As we have covered extensively in our Gig Employers Blog, the Seattle ordinance has been the subject of intense legal action and a flurry of activity by the courts. Back in May, the same Ninth Circuit revived an antitrust challenge to the ordinance filed by the U.S. Chamber of Commerce, sending the case back down to the lower court for further action. That case is ongoing.
This week’s action involved a separate lawsuit filed by a group of independent drivers represented by the National Right to Work Legal Defense Foundation.
By way of background, the City of Seattle became the first jurisdiction to pass a law aimed at unionizing ride-sharing drivers in 2015. This is significant because these workers are typically classified as independent contractors (and therefore excluded from the right to organize under federal labor law).

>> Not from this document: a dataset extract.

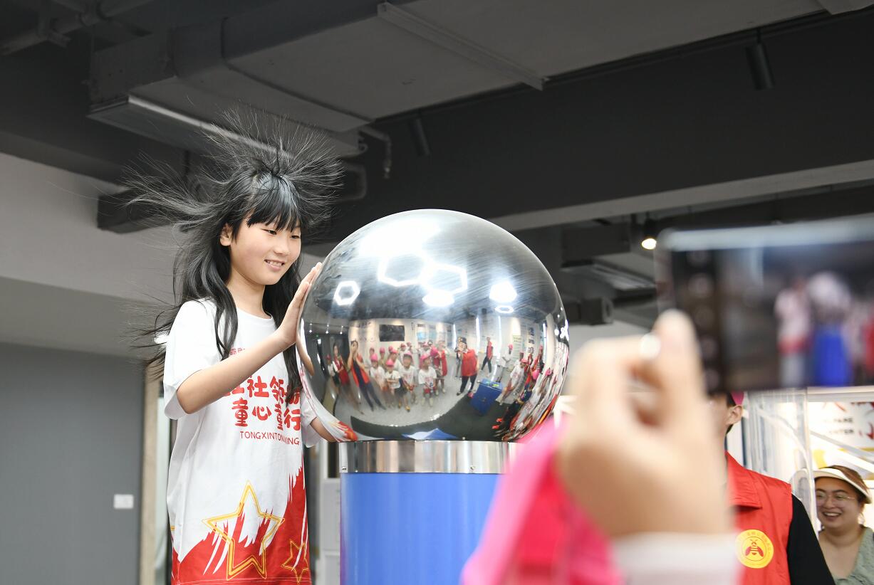 “摸一個(gè)球居然能讓頭發(fā)立起來,太神奇了。”同學(xué)們懷著既忐忑又好奇的心情,紛紛進(jìn)行了靜電球體驗(yàn),連連稱奇。一個(gè)個(gè)互動(dòng)游戲,讓同學(xué)們爭相體驗(yàn),樂此不疲,他們摩擦起電讓頭發(fā)起飛的樂趣,感受用自己的力量產(chǎn)生電的魅力,也讓他們對(duì)電有了一個(gè)更深入的認(rèn)識(shí)。隨后,志愿者還通過提前設(shè)置的簡單電力知識(shí)互動(dòng)問答,在講解并分析中,讓小朋友們進(jìn)一步了解用電安全,從而養(yǎng)成節(jié)約用電的好習(xí)慣。
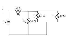 In the circuit shown, the resistances are given in ohms and the battery is assumed ideal with $\mathrm{emf}$ equal to $3.0$ $\mathrm{volts}.$ The resistor that dissipates the most power is

The controversial ordinance has been embroiled in legal challenges for several years now.
Court Rules Drivers’ Lawsuit is “Unripe”
This lawsuit was filed by 11 drivers who claimed that the Seattle ordinance was preempted by the federal National Labor Relations Act (NLRA) and violated their First Amendment rights by transferring their speech rights to an “unwanted representative.” However, the district court dismissed the drivers’ lawsuit as “unripe.” In order for a case in federal court to be “ripe,” it must present issues that are definite and concrete, not hypothetical or abstract.
On appeal, the Ninth Circuit agreed with the district court, holding that the injuries the drivers claimed they would immediately suffer were the ordinance to go into effect were “too speculative.” Specifically, the Court noted that no contract or agreement is imminent, no union has successfully procured the support of the drivers, and it is speculative whether the local Teamsters union (or any other union) will become the certified representative of the drivers under the ordinance.
“The drivers’ actual injuries hinge on a prospective chain of events that have not yet occurred, and may never occur,” the Court stated. “Because the drivers’ claims are unripe, we lack jurisdiction to consider the merits.”
This likely is not the end of the debate over Seattle’s landmark ridesharing ordinance. As discussed above, the separate antitrust lawsuit challenging the ordinance is still ongoing.
And the drivers may appeal this ruling to an en banc hearing before the full Ninth Circuit, and ultimately to the United States Supreme Court. Moreover, the Court did not reach or rule on the merits of the underlying claims. Rather, the Court merely ruled that the lawsuit was premature as the drivers could not show any imminent harm – setting up a potential future challenge if the ordinance is implemented and a union organizes the drivers.
This is just the latest salvo in a long-running dispute over this issue and the future of work in the gig economy. The judicial back-and-firth is likely to continue for quite some time.